Wahid Abdul, Amy Jones, Preeti Gupta

Abstract


Back pain is a common problem affecting approximately one-third of the UK adult population each year with the etiology in older people commonly attributed to osteoporosis and spondylosis. Uncommon causes, such as spondylodiscitis, can potentially cause significant complications, therefore early diagnosis and management are imperative. We present an unusual case of back pain in an elderly gentleman with Parkinson’s disease (PD) attributed to Streptococcus intermedius spondylodiscitis. A 73-year-old gentleman presented with non-specific chest and abdominal pain.

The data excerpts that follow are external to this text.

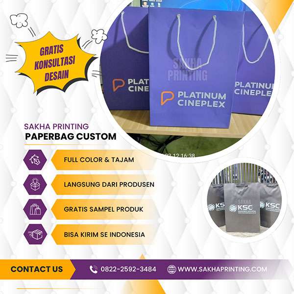 Paperbag custom dengan desain elegan, ideal untuk kemasan produk, acara, dan branding bisnis.
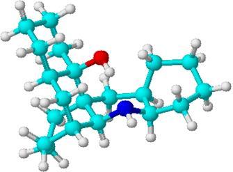 При помощи компьютерных расчетов нами была проведена 3D оптимизация (с использованием алгоритма CHARMM [29]). Группа –OH пространственно сближена с NH-группой и эмпирически рассчитанное расстояние между ними составляет 1,71 А. Это и приводит к прочной внутримолекулярной водородной связи.
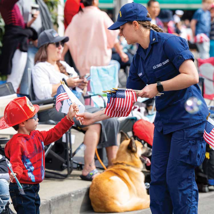 U.S. Coast Guard servicemembers participate in an Independence Day Parade on Alameda Island, Calif., on July 4, 2023 (U.S. Coast Guard photo by Petty Officer 3rd Class Hunter Schnabel).
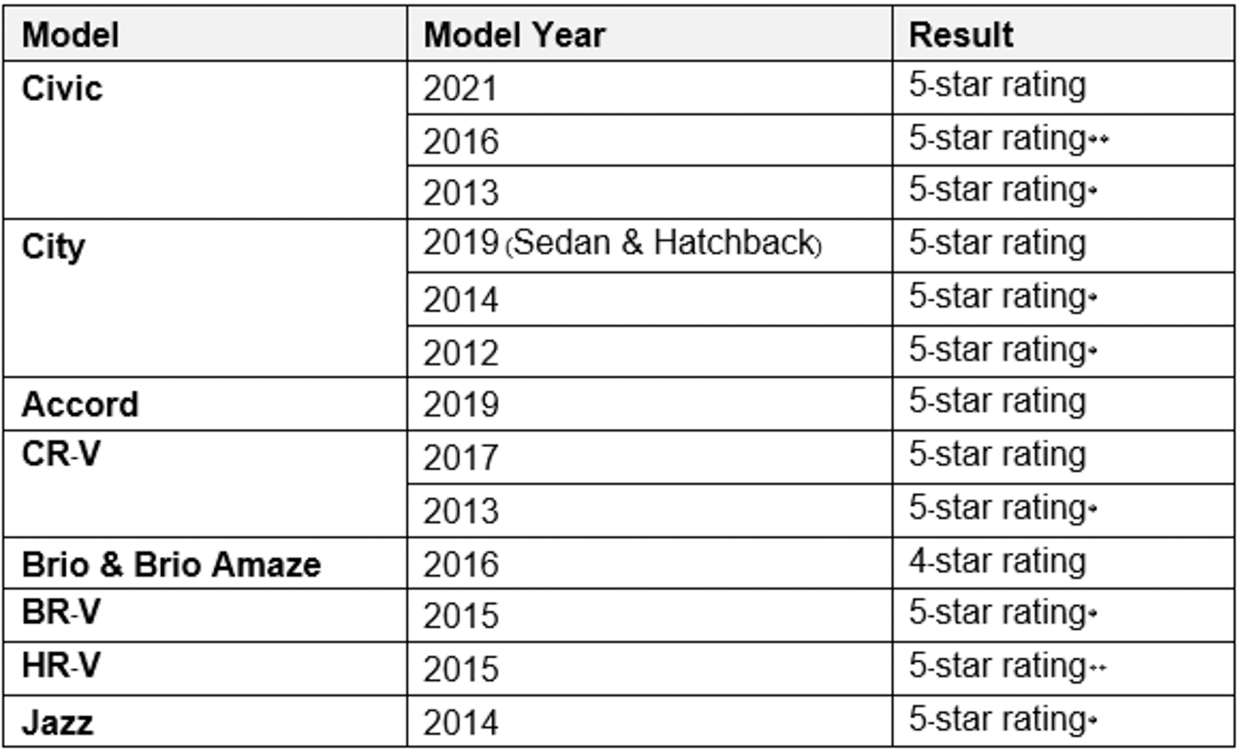 **For the Civic (MY2016) and HR-V (MY2015) rating, variants without SBR (Seatbelt Reminder) for both front occupants are rated 4-stars.
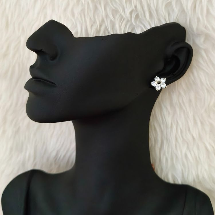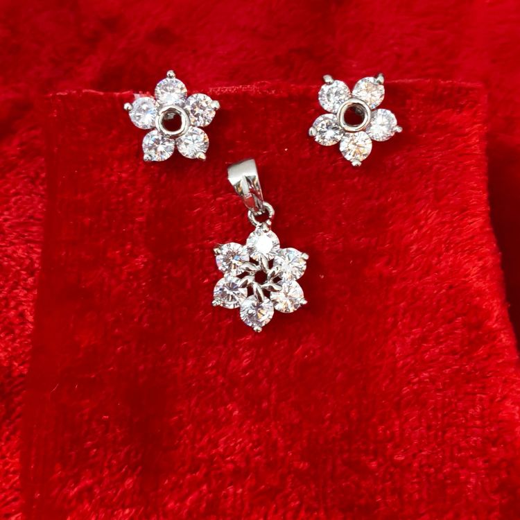Enhance your everyday look with this Crystal Flower Regular American Diamond Pendant Set (SG5055), paired with matching earrings. Crafted from premium casting alloy and finished in rhodium plating, this silver-toned set features a delicate flower design with shimmering crystal stones. Perfect for daily wear, festive occasions, or gifting, it’s an ideal choice for women in Bihar who love timeless and affordable artificial jewellery.
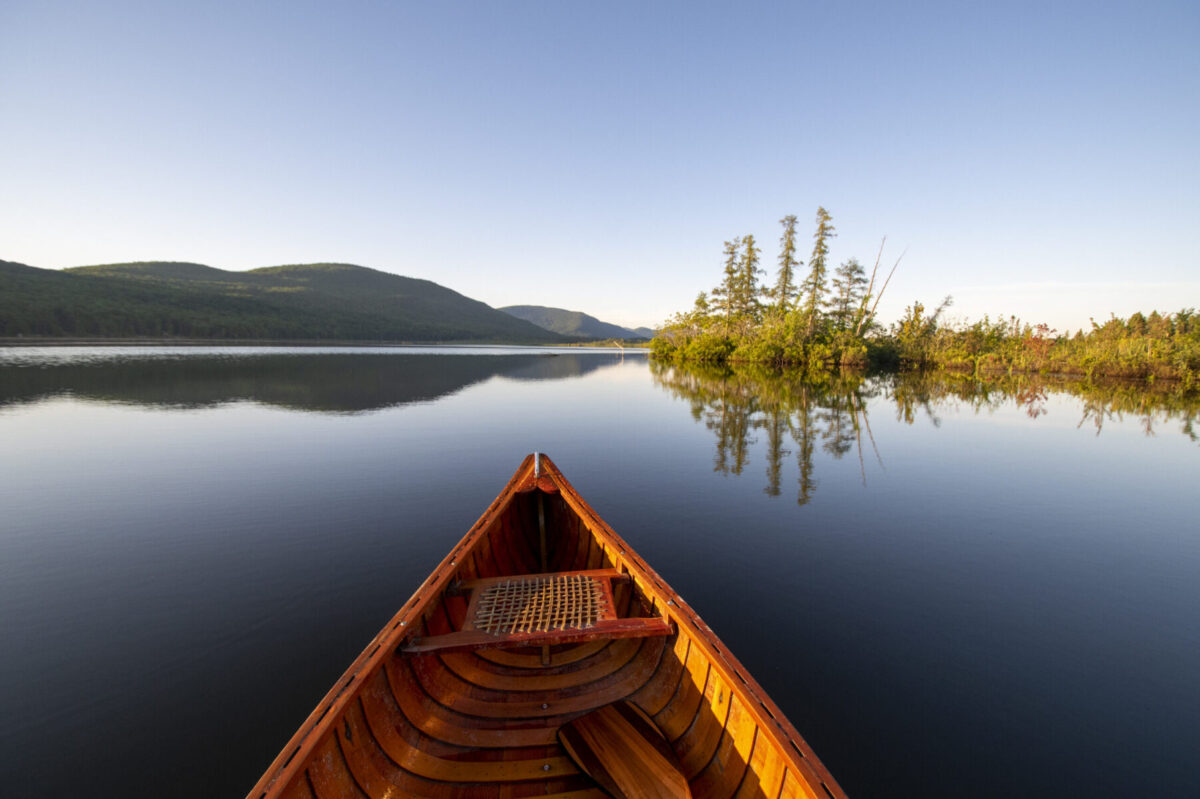 Wood and canvas canoe on Bristol Pond, Vermont
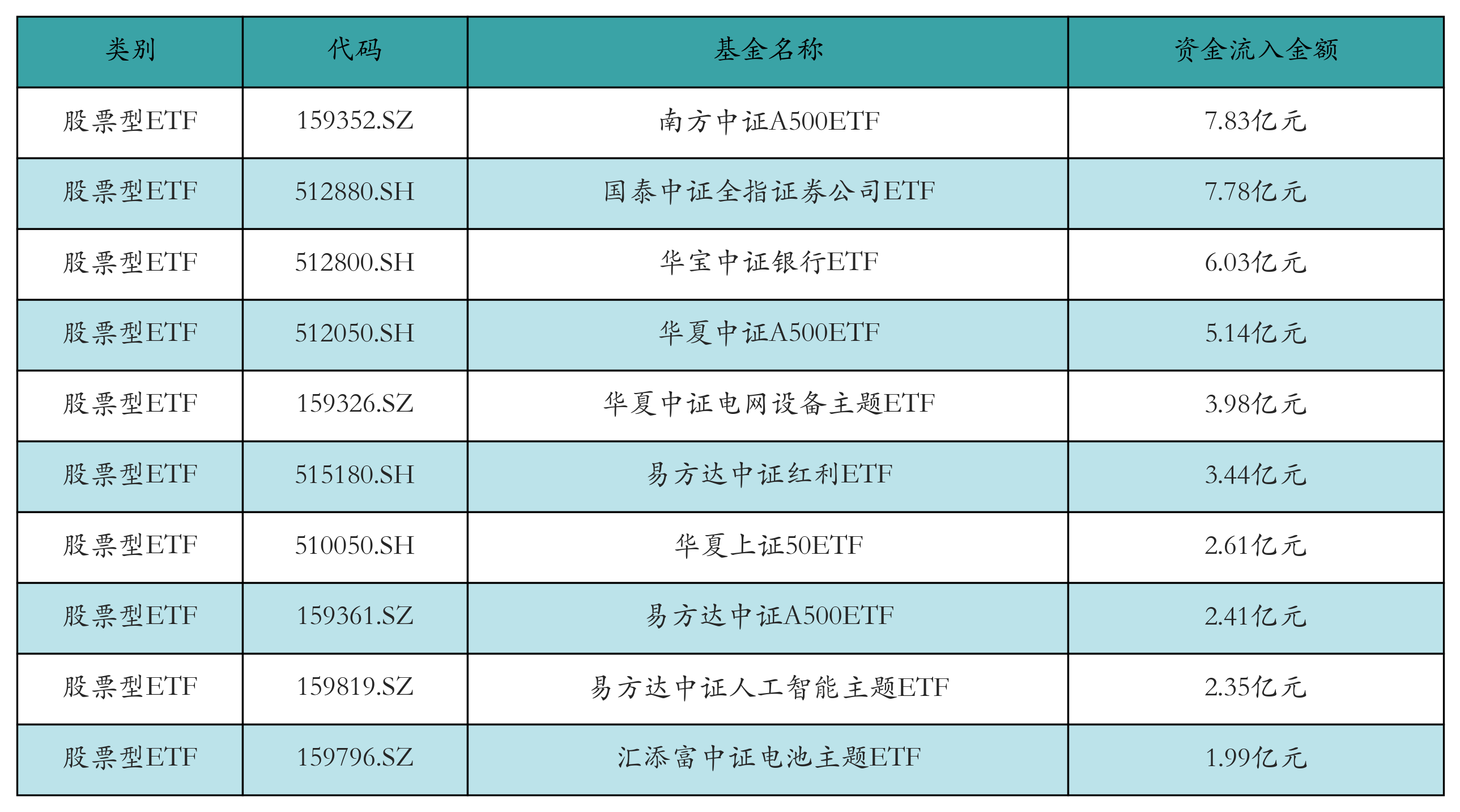 昨日股票型ETF资金流入最多的3只ETF及其流入金额分别为:南方中证A500ETF(流入7.83亿元)、国泰中证全指证券公司ETF(流入7.78亿元)、华宝中证银行ETF(流入6.03亿元)。资金流入前10详情见下表:
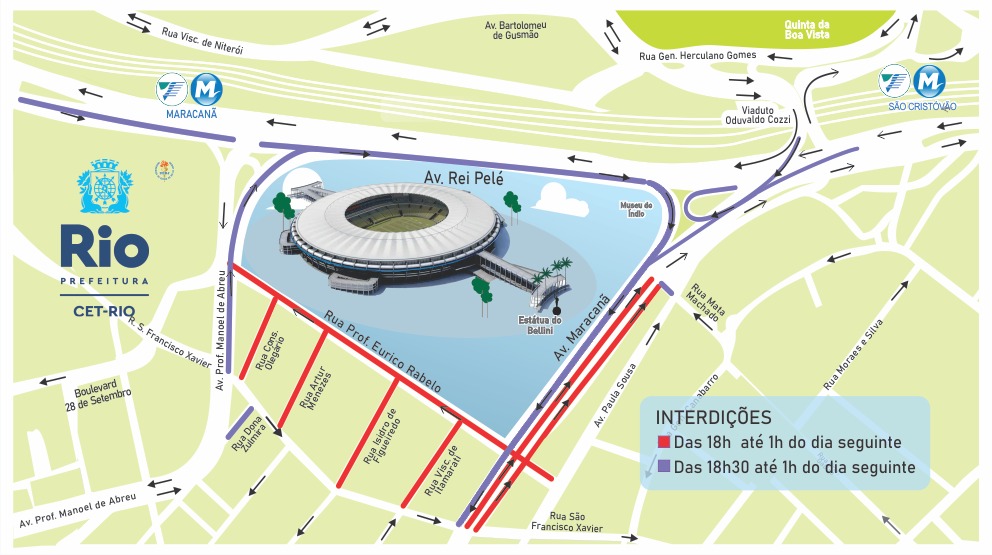A partir das 18h, haverá interdições ao trânsito de veículos na região onde acontece a partida.
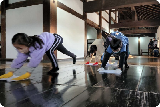 - 子どもたちによる“犬山城みらいサポーター”の活動では、天守の床磨きや勉強会を通じて、犬山城への愛情を育んでいます。
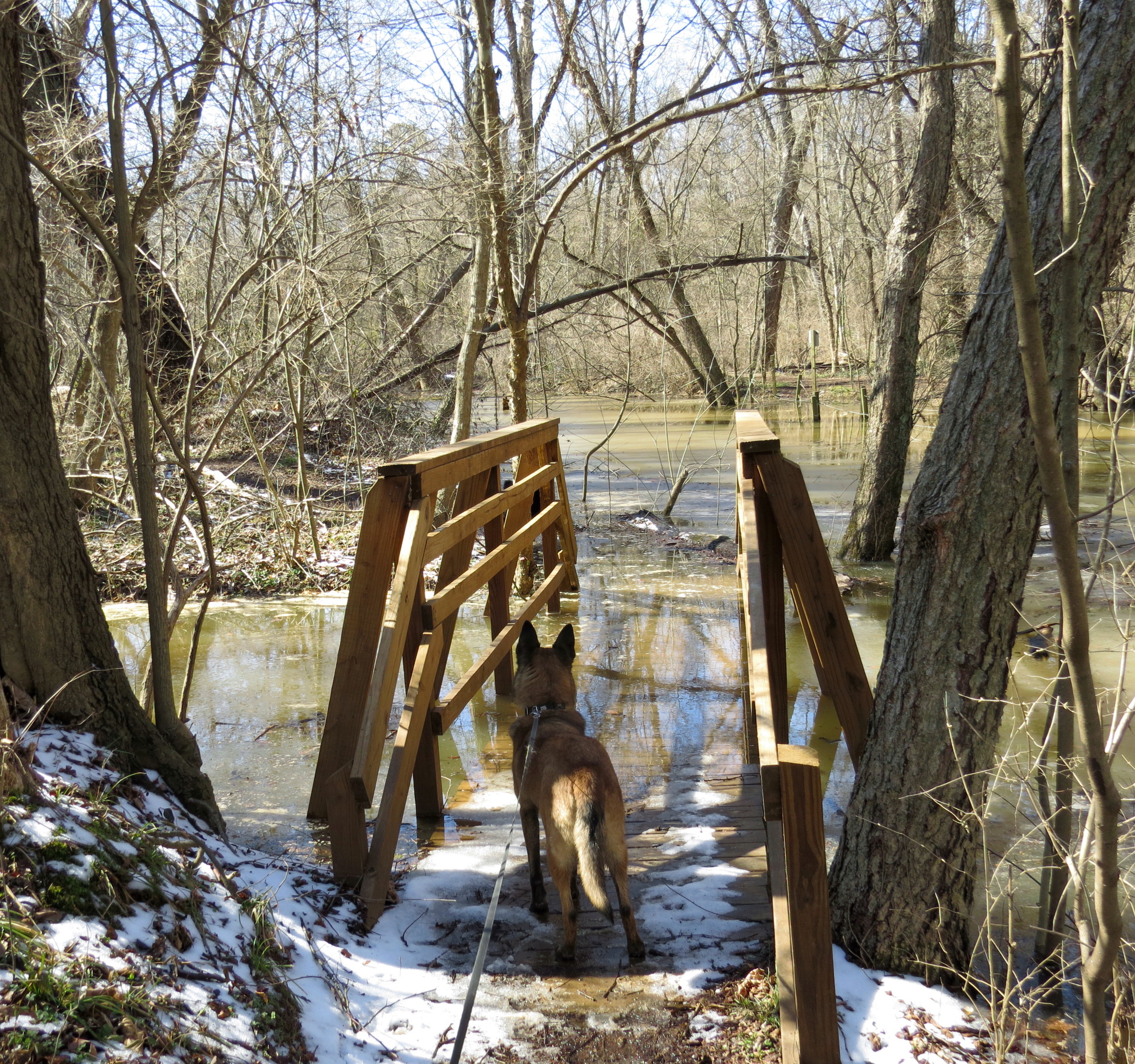 Moderately deep flooding yesterday (the river crested just below 13 feet) pushed a lot of birds and animals into atypical areas. Our hike was somewhat soggy. This is Turner surveying a foot bridge in the back of the park. Mackey had already loped nonchalantly (another awkward word) across; he’s more comfortable with water. That is Turner’s posture of mild trepidation, a sensation he doesn’t often experience. He doesn’t like it when Mackey is out of sight. Unless a squirrel is in sight, and Turner’s focus becomes laser like and nothing else (including Mackey) exists. But here he’s anxious:

Inflammatory markers were elevated, consolidation demonstrated on chest X-ray, and antibiotics were commenced. Patient suffers from PD managed with selegiline, stalevo, and a self-administered apomorphine subcutaneous pump. He developed a constant severe lower back pain without neurological deficit. Streptococcus intermedius was identified on blood culture and common sources were excluded. Magnetic resonance imaging and minimal-preparation computed tomography (CT) confirmed intervertebral spondylodiscitis. A conservative approach with combination antibiotics and rehabilitation was undertaken and the patient returned to his previous functional level. We report an unusual case of spondylodiscitis in an elderly gentleman with PD. The initial presentation of radicular pain, unusual causative agent isolated, and the likely source of infection from the apomorphine pump highlight the importance of clinical suspicion, early diagnosis and management of patients with spondylodiscitis.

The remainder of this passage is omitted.